EXERCISE BRIEF
Print exactly the lines below between the line holding "Oh well, we" and the line holding "As the weekend", inclusive, and nothing more.

PROVIDED ENTRIES

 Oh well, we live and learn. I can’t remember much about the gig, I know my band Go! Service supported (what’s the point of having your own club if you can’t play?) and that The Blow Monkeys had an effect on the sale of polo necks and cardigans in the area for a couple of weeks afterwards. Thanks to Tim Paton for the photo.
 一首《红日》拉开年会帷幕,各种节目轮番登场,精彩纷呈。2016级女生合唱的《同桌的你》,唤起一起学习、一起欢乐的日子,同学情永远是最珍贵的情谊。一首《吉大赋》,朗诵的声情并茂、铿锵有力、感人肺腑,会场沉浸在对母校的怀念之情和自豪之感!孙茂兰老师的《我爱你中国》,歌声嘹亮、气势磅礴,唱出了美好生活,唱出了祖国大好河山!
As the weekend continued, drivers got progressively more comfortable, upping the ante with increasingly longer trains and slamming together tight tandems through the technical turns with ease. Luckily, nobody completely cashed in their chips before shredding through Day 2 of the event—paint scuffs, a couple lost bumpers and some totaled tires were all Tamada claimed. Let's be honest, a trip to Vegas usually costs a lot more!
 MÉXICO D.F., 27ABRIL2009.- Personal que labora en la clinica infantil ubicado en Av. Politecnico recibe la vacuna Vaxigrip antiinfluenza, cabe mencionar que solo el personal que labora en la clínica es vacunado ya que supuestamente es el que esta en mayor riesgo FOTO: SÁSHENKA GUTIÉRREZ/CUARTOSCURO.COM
---
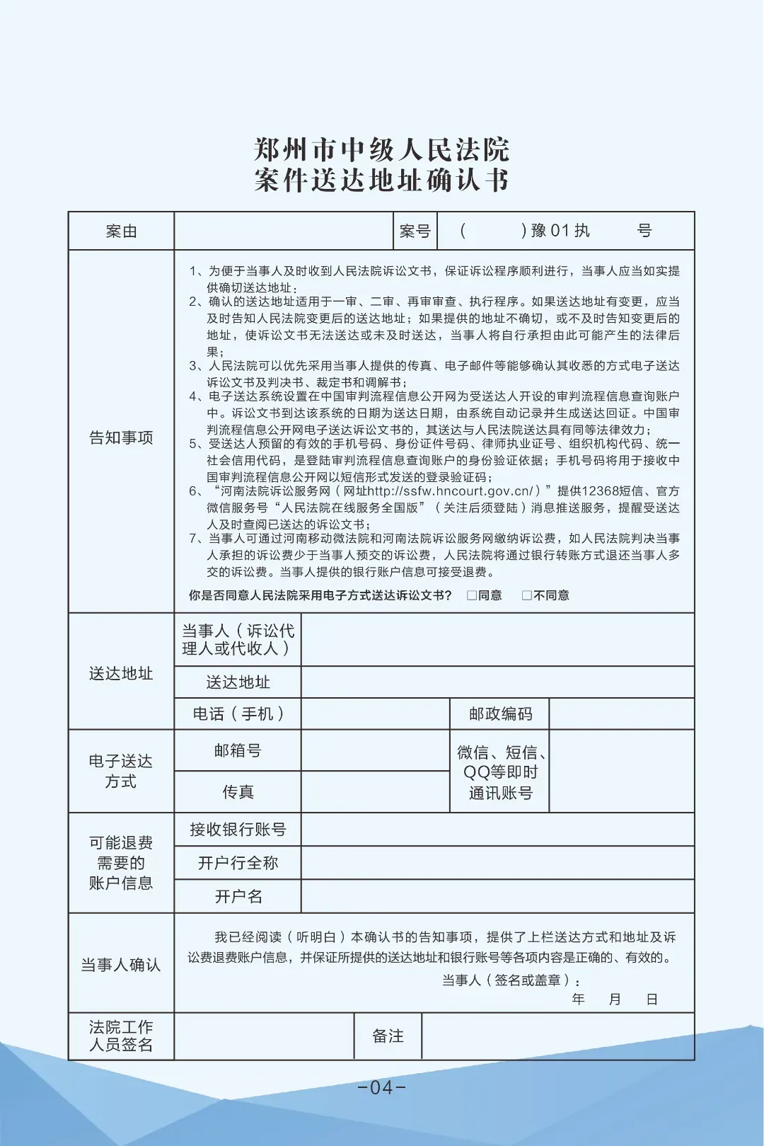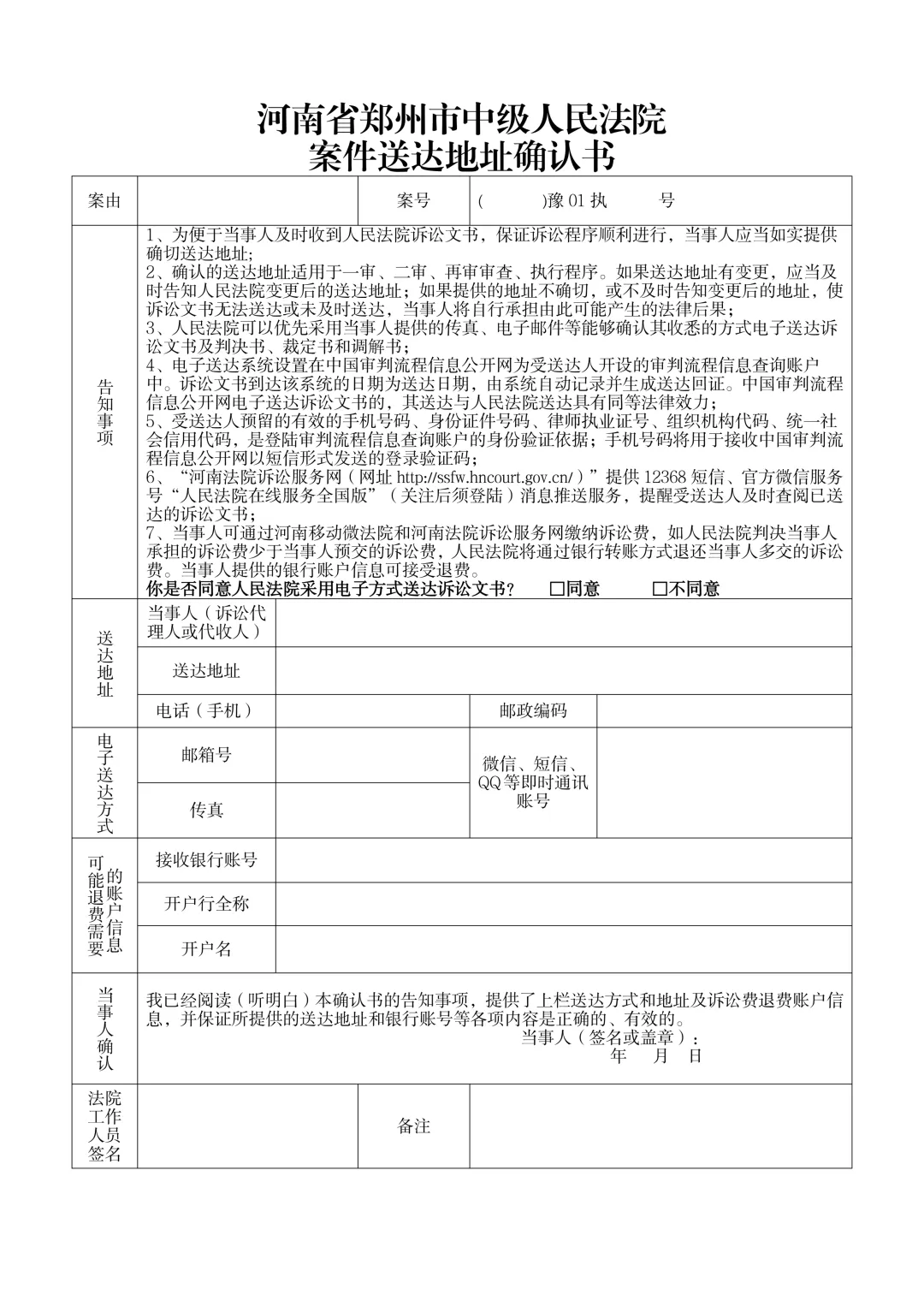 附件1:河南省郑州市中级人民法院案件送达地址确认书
...
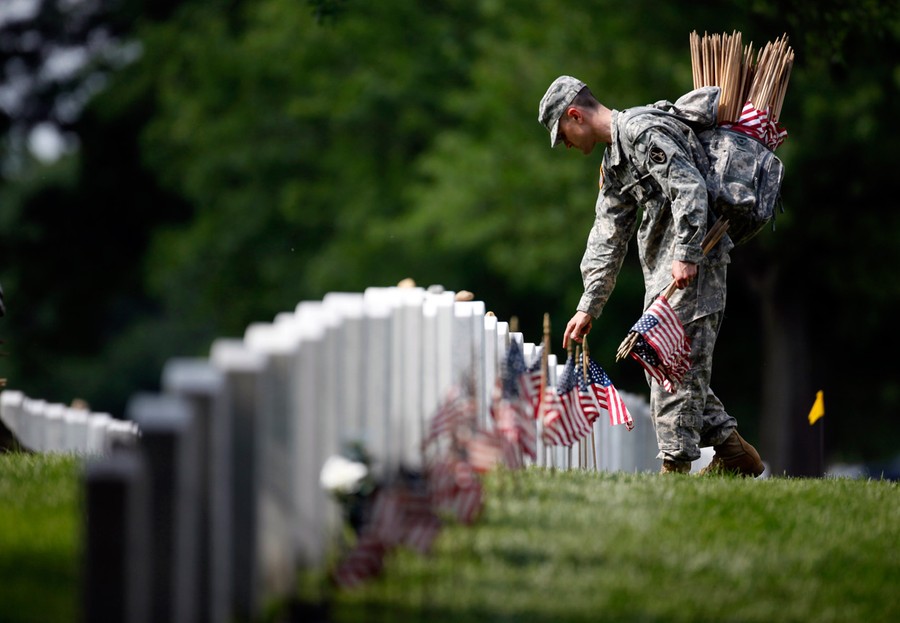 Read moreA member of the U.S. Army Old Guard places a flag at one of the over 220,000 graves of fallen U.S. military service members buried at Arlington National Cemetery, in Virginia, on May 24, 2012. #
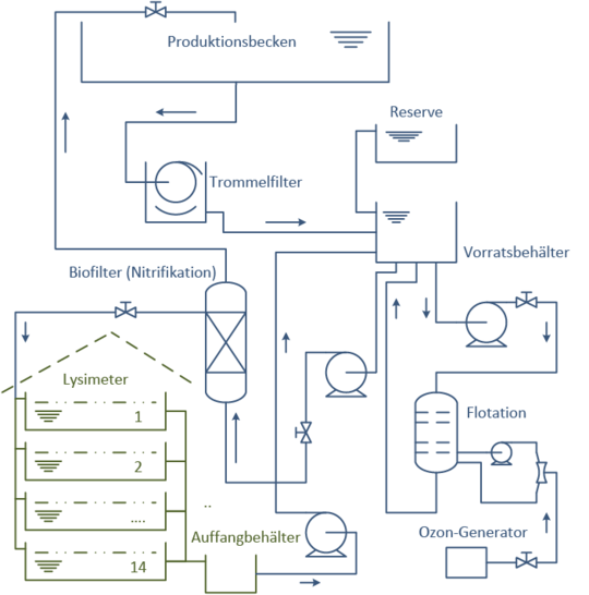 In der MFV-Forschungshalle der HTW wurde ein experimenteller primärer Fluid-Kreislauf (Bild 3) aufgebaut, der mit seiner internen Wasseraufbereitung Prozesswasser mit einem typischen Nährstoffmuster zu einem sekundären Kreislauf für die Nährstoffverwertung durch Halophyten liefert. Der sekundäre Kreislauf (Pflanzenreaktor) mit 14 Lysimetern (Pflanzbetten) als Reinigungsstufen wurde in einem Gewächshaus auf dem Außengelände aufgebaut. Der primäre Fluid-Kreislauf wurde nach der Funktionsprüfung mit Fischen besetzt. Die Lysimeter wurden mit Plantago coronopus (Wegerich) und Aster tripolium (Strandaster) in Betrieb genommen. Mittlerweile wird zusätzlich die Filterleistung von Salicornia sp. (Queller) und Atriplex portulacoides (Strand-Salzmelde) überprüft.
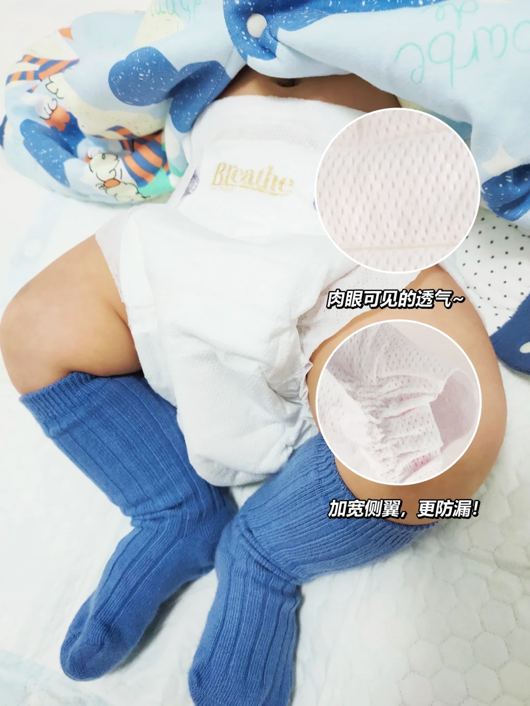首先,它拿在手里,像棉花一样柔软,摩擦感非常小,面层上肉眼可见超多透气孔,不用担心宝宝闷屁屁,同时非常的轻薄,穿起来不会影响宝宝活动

EXERCISE SOLUTION
 Oh well, we live and learn. I can’t remember much about the gig, I know my band Go! Service supported (what’s the point of having your own club if you can’t play?) and that The Blow Monkeys had an effect on the sale of polo necks and cardigans in the area for a couple of weeks afterwards. Thanks to Tim Paton for the photo.
 一首《红日》拉开年会帷幕,各种节目轮番登场,精彩纷呈。2016级女生合唱的《同桌的你》,唤起一起学习、一起欢乐的日子,同学情永远是最珍贵的情谊。一首《吉大赋》,朗诵的声情并茂、铿锵有力、感人肺腑,会场沉浸在对母校的怀念之情和自豪之感!孙茂兰老师的《我爱你中国》,歌声嘹亮、气势磅礴,唱出了美好生活,唱出了祖国大好河山!
As the weekend continued, drivers got progressively more comfortable, upping the ante with increasingly longer trains and slamming together tight tandems through the technical turns with ease. Luckily, nobody completely cashed in their chips before shredding through Day 2 of the event—paint scuffs, a couple lost bumpers and some totaled tires were all Tamada claimed. Let's be honest, a trip to Vegas usually costs a lot more!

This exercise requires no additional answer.